- **Work to be completed**: The material below holds pictures; leave them out, and copy exactly, and only, the lines from the one with "Beef noodle served" through the last.

- **Available data**:
+--
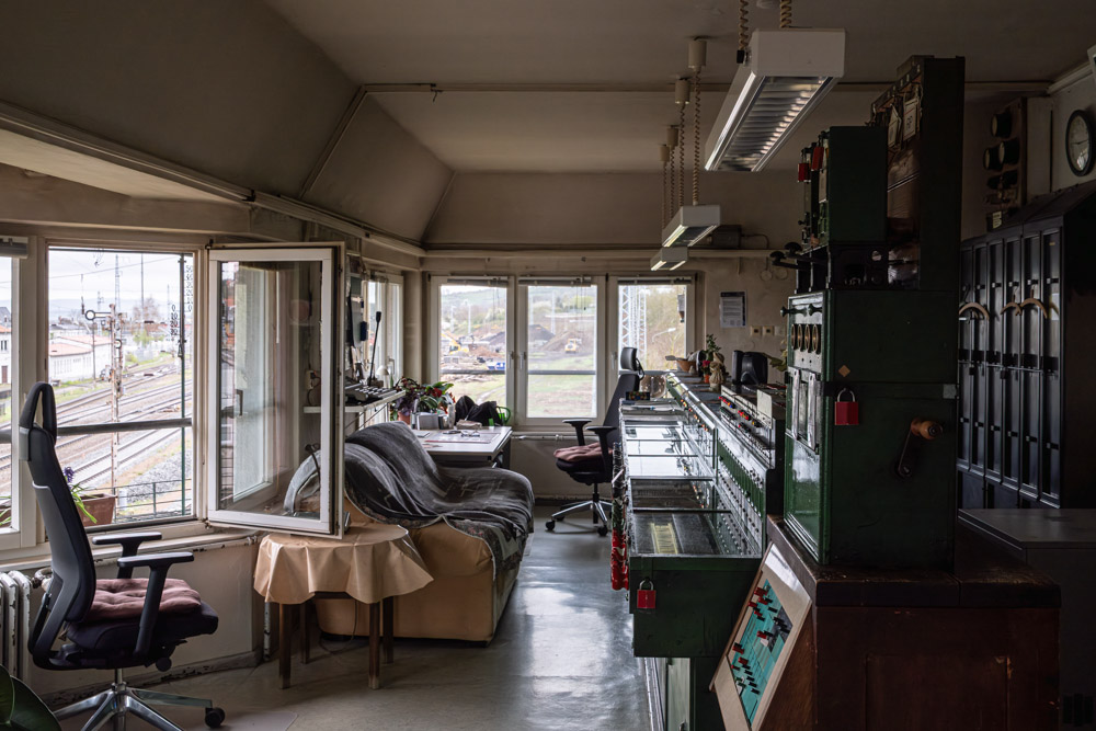 Das Gebäude sieht nicht nur nach Geschichte aus – die Technik wird in nicht all zu ferner Zukunft auch Geschichte sein, denn die Bahn arbeitet intensiv daran, analoge Stellwerke durch modernere Versionen zu ersetzen.
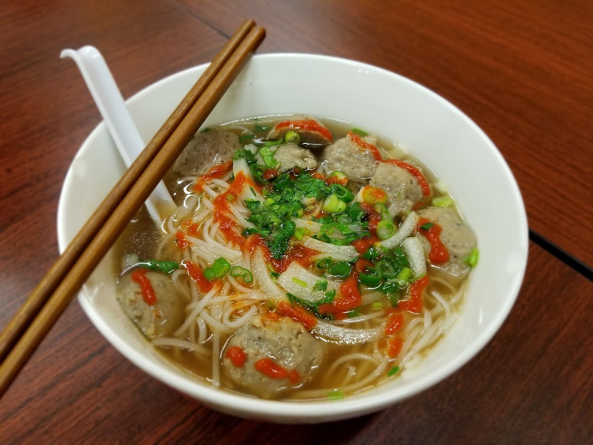 Beef noodle served in beef broth, beef meatballs, sliced beef brisket and tripe, sliced pork and shrimp and imitation crab meat. Served with a side dish with basil leaves, limes, bean sprouts, green leaf lettuce, condiments and garnished with cilantro and green onions
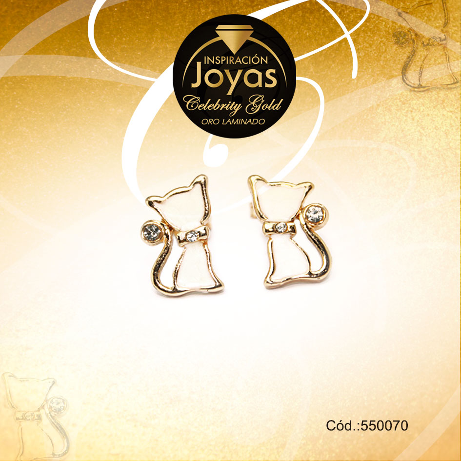 Zarcillo Celebrity Gold Tono Dorado Aleación Esmalte Trancadero: Mariposa A: 0,8 cm L: 1,2 cm Gato Blanco – 550070
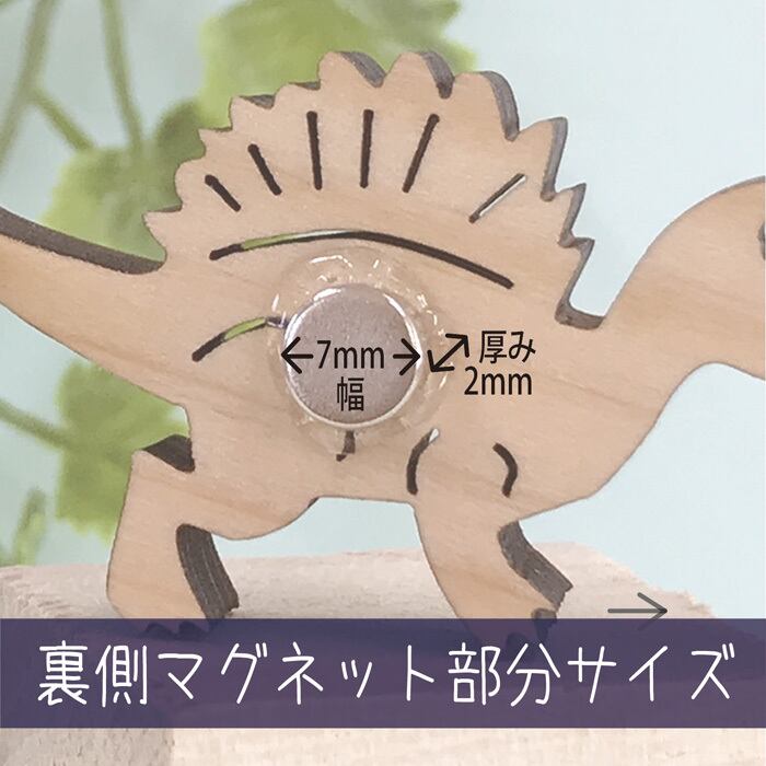 ・国産ひのきを使った、恐竜「スピノサウルス」デザインのウッドマグネット。シンプルでかわいいデザインに仕上げました。
+--
- **Task answer**:
 Beef noodle served in beef broth, beef meatballs, sliced beef brisket and tripe, sliced pork and shrimp and imitation crab meat. Served with a side dish with basil leaves, limes, bean sprouts, green leaf lettuce, condiments and garnished with cilantro and green onions
 Zarcillo Celebrity Gold Tono Dorado Aleación Esmalte Trancadero: Mariposa A: 0,8 cm L: 1,2 cm Gato Blanco – 550070
 ・国産ひのきを使った、恐竜「スピノサウルス」デザインのウッドマグネット。シンプルでかわいいデザインに仕上げました。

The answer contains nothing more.